我正在尝试从一个 32GB 的文件中的特定行获取数据，将提取的数据放入字典中，然后读入另一个 32GB 的文件，以用之前创建的字典中的键和值替换特定行.最后，我试图将所有这些新信息放入一个 b运行d 新文件中。

可是我运行程序的时候，12个多小时了，还是运行。我实施了一个进度条，已经过去了 2 个小时，但还没有取得百分之一的进展。我没有收到错误消息，但我看不到任何进展。有人知道为什么吗？也许读取这么大的文件有问题？任何帮助，将不胜感激。这是我使用的代码。

import gzip
from itertools import islice
from datetime import datetime
import time
from tqdm import tqdm

from tqdm import tqdm
for i in tqdm(range(10000)):

    ## store the time the program started running
    start_time = time.time()
    ########### R1 #############

    ## create dictionary that will store the read ID as keys and barcode as values
    readID_dictionary = {}

    ## open the read 1 fastq file as R1
    with open('/Users/jakevazquez18/Desktop/Axel_Scripts/UMI_Tools/AD507-noCL.R1.fastq', 'rt') as R1:
    
        ## for each line in the file, look for the read ID that starts with @ and store the read name, sequence, blank (+), and quality score as variables
        for line in R1:

            ## only perform operations if the line starts with @
            if line[0] == '@':

                ## split the lines by whitespace
                readID = line.split()

                ## store the read id for each read in a variable
                readID = readID[0]

                ## store the sequence for each read in a variable
                sequence = next(R1)

                ## store the barcode (first 20 characters)
                barcode = sequence[:20]

                ## append reads as keys and barcodes as values respectfully in dictionary
                readID_dictionary[readID] = barcode

###########################################################

########### R2 #############

    ## content that will be in new file
    new_file_content = ""

## open R2 .fastq file as R2
    with open('/Users/jakevazquez18/Desktop/Axel_Scripts/UMI_Tools/AD507-noCL.R2_copy.fastq', 'rt') as R2:

    ## for each line in the file
        for line in R2:

        ## if the line starts with @ perform the operations
            if line[0] == '@':

            ## split the lines by whitespace
                readID = line.split()

            ## store the read ID 
                readID = readID[0]

            ## if the read ID matches the read ID from R1 (key in dictionary) then have the read ID in R2 equal that ID with _ and barcode
                for key, value in readID_dictionary.items():
                    if readID == key:
                        readID = key + '_' + value

            ## store sequence 
                sequence = next(R2)

            ## store blank (plus sign)
                blank = next(R2)

            ## store quality score
                quality = next(R2)

            ## format the content for the new file
                new_file_content += readID +'\n' + sequence + blank + quality 

###########################################################

########### NEW FILE WITH UPDATED READID+BARCODE #############

## create a new file with the updated read ID
    writing_file = open("/Users/jakevazquez18/Desktop/Axel_Scripts/UMI_Tools/AD507-noCL.R2_test.fastq", "w")

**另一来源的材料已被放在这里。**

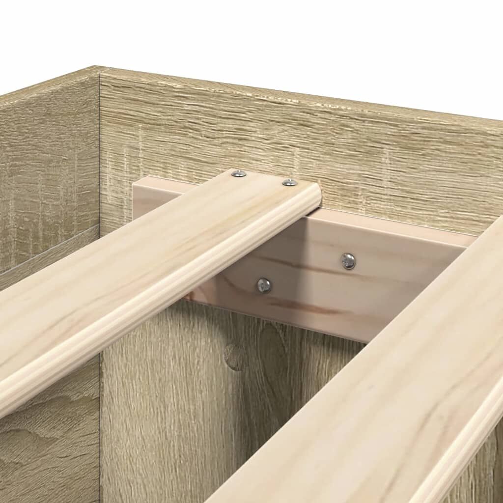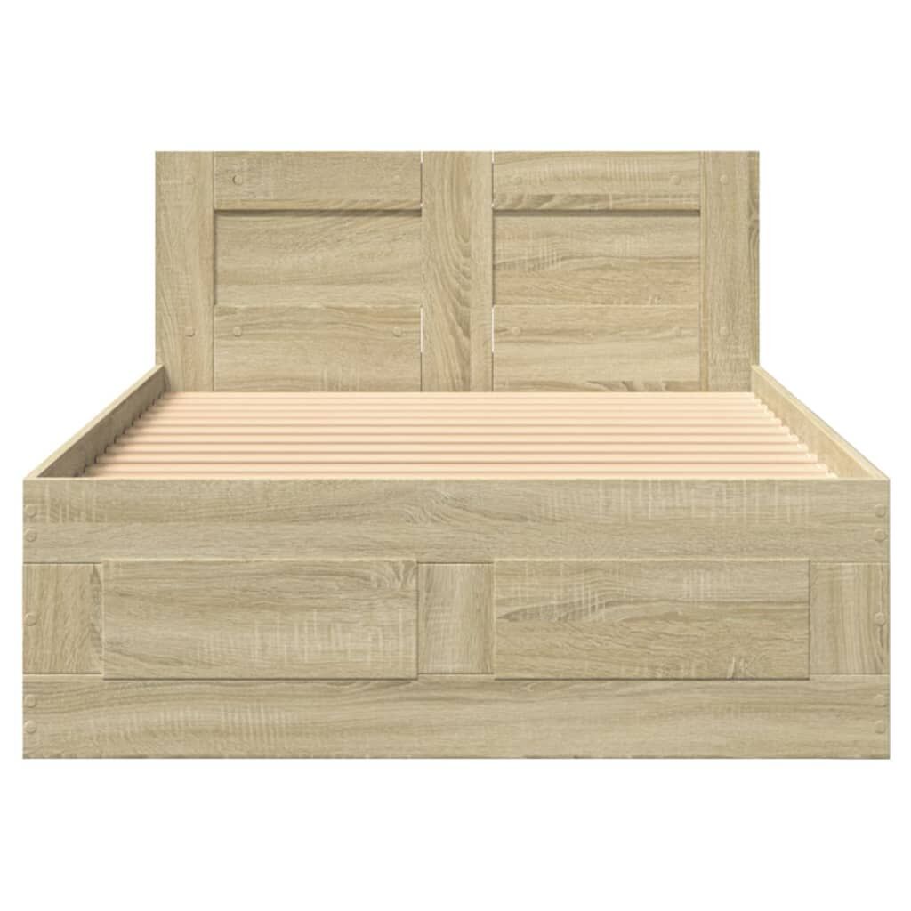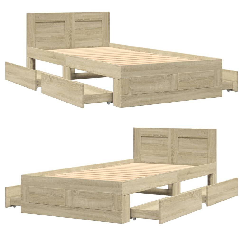 Get a better restful night's sleep from this bed frame! It makes a welcoming addition to any bedroom. Durable material: The bed frame is made of engineered wood. The engineered wood is of exceptional quality with a smooth surface and also features strength, stability, and resistance to moisture.Slatted base for optimal support: The bed frame is equipped with a slatted base for support and breathability for your mattress.Storage function: This bed frame offers drawers for keeping your magazines, books, toys and other small items well-organised.Excellent support: The headboard of the bed base provides you with excellent back support when you sit up in bed to read or watch TV. Good to know:A mattress is not included with this bed. We do offer a various selection of mattresses. You can check our shop for a matching mattress.

## put the content in the new file
    writing_file.write(new_file_content)

## close the file
    writing_file.close()

###########################################################

###########################################################

########### REPORT #############

## show how long program took to run
    print("Process finished --- %s seconds ---" % (time.time() - start_time))

###########################################################

Answer 1

一般来说，我总是先尝试运行一个小得多的输入（1 MB、10 MB、100 MB？）的程序，看看程序是否正常工作，如果是，如何每 MB 需要很长时间。然后我可以计算出整个文件大约需要多长时间，以及在进度中的哪个时间预计会有多少进度。

也许您甚至可以进行那些小文件测试，同时将其留在大文件上运行ning，至少可以看到该程序确实有效并且最终会完成（不会丢失您当前的进度）。首先尝试使用一个非常小的文件（可能是大文件的前 1 MB），然后如果工作正常的话可能会增加大小。

不过看看实际程序，我肯定不会将所有数据收集到内存中，最后才写入。我会不断地写入输出文件。这样效率更高，并且不会像您在当前程序中使用的那样可能使用大量虚拟内存。

所以，像这样的东西（没有测试，因为我不能）：

import gzip
from itertools import islice
from datetime import datetime
import time
from tqdm import tqdm

from tqdm import tqdm
for i in tqdm(range(10000)):

    ## store the time the program started running
    start_time = time.time()
    ########### R1 #############

    ## create dictionary that will store the read ID as keys and barcode as values
    readID_dictionary = {}

    ## open the read 1 fastq file as R1
    with open('/Users/jakevazquez18/Desktop/Axel_Scripts/UMI_Tools/AD507-noCL.R1.fastq', 'rt') as R1:
    
        ## for each line in the file, look for the read ID that starts with @ and store the read name, sequence, blank (+), and quality score as variables
        for line in R1:

            ## only perform operations if the line starts with @
            if line[0] == '@':

                ## split the lines by whitespace
                readID = line.split()

                ## store the read id for each read in a variable
                readID = readID[0]

                ## store the sequence for each read in a variable
                sequence = next(R1)

                ## store the barcode (first 20 characters)
                barcode = sequence[:20]

                ## append reads as keys and barcodes as values respectfully in dictionary
                readID_dictionary[readID] = barcode

###########################################################

########### R2 #############

    ## content that will be in new file
    new_file_content = ""

    ## open R2 .fastq file as R2
    with open('/Users/jakevazquez18/Desktop/Axel_Scripts/UMI_Tools/AD507-noCL.R2_copy.fastq', 'rt') as R2:

        ## create a new file with the updated read ID
        with open("/Users/jakevazquez18/Desktop/Axel_Scripts/UMI_Tools/AD507-noCL.R2_test.fastq", "w") as writing_file:


        ## for each line in the file
            for line in R2:

            ## if the line starts with @ perform the operations
                if line[0] == '@':

                ## split the lines by whitespace
                    readID = line.split()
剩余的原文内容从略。